La principale ambition de cette organisation est de se faire connaitre et clamer haut et fort qu’elle est capable de prendre le destin de son territoire en main. Etant élus locaux, nous sommes en effet les mieux placés pour connaître les besoins en transports, formation et réclamer les universités qui nous manquent. Notre objectif est donc d’apporter un espoir et trouver des solutions pour redonner du travail et des logements à nos habitants. Sur ce sujet, l’association s’est engagée à bâtir 30 % de logements sociaux pour les nouvelles zones d’habitation du nord.
Pouvez-vous nous parler du projet de métro, la ligne rouge du Grand Paris Express, que vous considérez comme une priorité ?
L’association a entrepris une démarche officielle auprès du gouvernement pour la mise en service en 2025, de la ligne « rouge », tronçon du Grand Paris Express desservira l’aéroport Roissy Charles de Gaulle. Une pétition a également été signée par plus de 10 600 personnes et montre la forte attente des habitants en matière de mobilité. Enfin, une cinquantaine d’élus s’est rassemblée, le 23 janvier dernier, à l’Assemblée nationale pour présenter à la presse les arguments avancés ; le premier étant que la population connaît un fort chômage, malgré le nombre d’emploi offert par la présence d’un aéroport. Ce problème pourrait être pallié par un aménagement des infrastructures de transport qui seraient un atout considérable pour une zone aéroportuaire active 7j/7, 24h/24, tous les jours de l’année. Les 25 projets que nous sommes en train de développer créeraient directement 165 000 emplois, correspondant à un investissement privé de plus de 7 milliards d’euros et entrainant indirectement la création de dizaines de milliers d’autres, liés à la construction future d’équipements dédiés à ces nouvelles entreprises.
Ensuite, le bon fonctionnement de l’aéroport nécessite une remise en ordre de son accès, et un rabattement sur un métro pour désengorger les gares RER surchargées. C’est tout l’intérêt des voyageurs et des habitants de disposer de lignes modernes reliées à l’ensemble du réseau parisien avec l’installation de quatre gares supplémentaires, sans oublier un autre tronçon pour les villes de Clichy, Montfermeil, Sevran et Aulnay. Un aéroport sert évidemment au développement d’un pays entier, mais doit également permettre aux populations vivant à proximité de bénéficier du dynamisme économique qu’il engendre. Nous souhaitons d’ailleurs former des jeunes, en amont, à tous les nouveaux métiers bientôt créés sur le territoire, par l’apprentissage de langues, des métiers d’accueil, de l’aérien et du tourisme d’affaires. Dans le but de développer le nord du Grand Roissy, des constructions de logements sont prévues, et nécessiteront d’être bien desservis pour que des personnes puissent y vivre. La mobilité n’est donc pas un simple enjeu, mais entraîne des problématiques beaucoup plus globales.

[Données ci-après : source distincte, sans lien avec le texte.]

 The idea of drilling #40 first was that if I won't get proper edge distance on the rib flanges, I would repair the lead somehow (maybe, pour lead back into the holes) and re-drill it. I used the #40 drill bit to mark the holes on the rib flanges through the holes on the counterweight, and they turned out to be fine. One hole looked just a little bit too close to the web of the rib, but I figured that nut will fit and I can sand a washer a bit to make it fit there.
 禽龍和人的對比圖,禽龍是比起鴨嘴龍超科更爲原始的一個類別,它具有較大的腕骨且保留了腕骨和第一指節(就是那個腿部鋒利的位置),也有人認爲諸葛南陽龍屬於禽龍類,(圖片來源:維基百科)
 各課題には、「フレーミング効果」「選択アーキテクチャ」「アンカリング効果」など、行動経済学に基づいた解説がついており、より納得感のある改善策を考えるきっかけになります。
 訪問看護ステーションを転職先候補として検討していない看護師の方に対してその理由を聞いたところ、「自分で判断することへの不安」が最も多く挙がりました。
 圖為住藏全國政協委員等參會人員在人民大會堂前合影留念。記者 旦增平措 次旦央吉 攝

Ne pas installer ces infrastructures serait une lourde erreur au niveau économique et social, car cela ne donnerait pas confiance aux futurs investisseurs. Nous pensons et surtout espérons que le gouvernement le comprendra et mettra tout en œuvre pour satisfaire nos besoins et ambitions.

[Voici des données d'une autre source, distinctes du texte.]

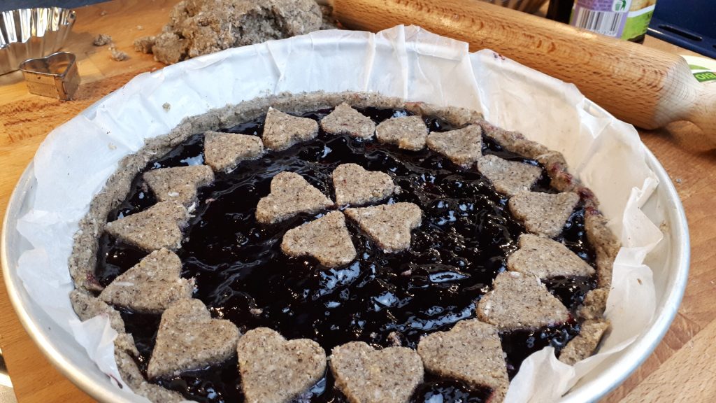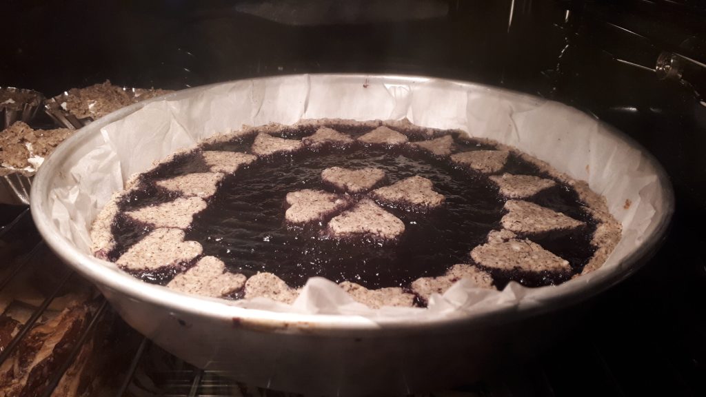 Verdeel de jam over de taartbodem. Zet in de oven voor 35 minuten op 180°
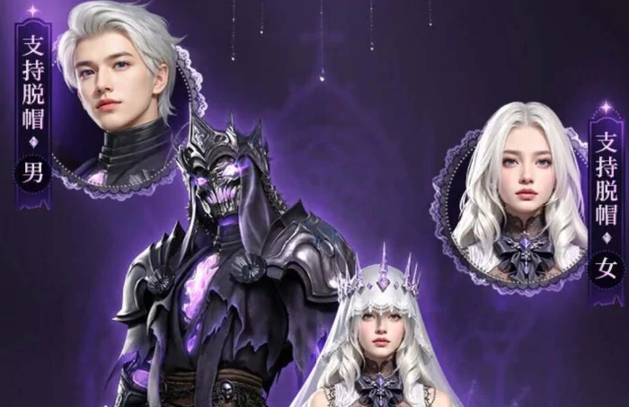 净罪颂祷时装主打宗教幻想风:女性穿纯白长裙,配冰晶头饰、薄纱、蕾丝袖口,幽火点缀;男性披银色护甲,胸前燃紫火,戴荆棘冠冕,尽显审判者肃穆。

La ligne directe Roissy-Gare de l’Est, le CDG Express est en cours d’élaboration, qu’en pensez-vous ?
Ce projet va peut-être handicaper notre aménagement du territoire. Il est parfaitement compréhensible que certains voyageurs aient besoin d’une liaison directe et rapide de l’aéroport à la ville de Paris. Seulement, cela n’a rien à voir avec ce que nous demandons. Ici, il s’agit d’un projet envisagé par l’aéroport comprenant uniquement des investissements privés, comme l’a précisé dernièrement le Premier ministre. Nous n’avons pas d’autres nouvelles sur ce projet, mais espérons qu’il ne fera pas d’ombre à celui, plus global, d’aménagement du territoire que nous requerrons.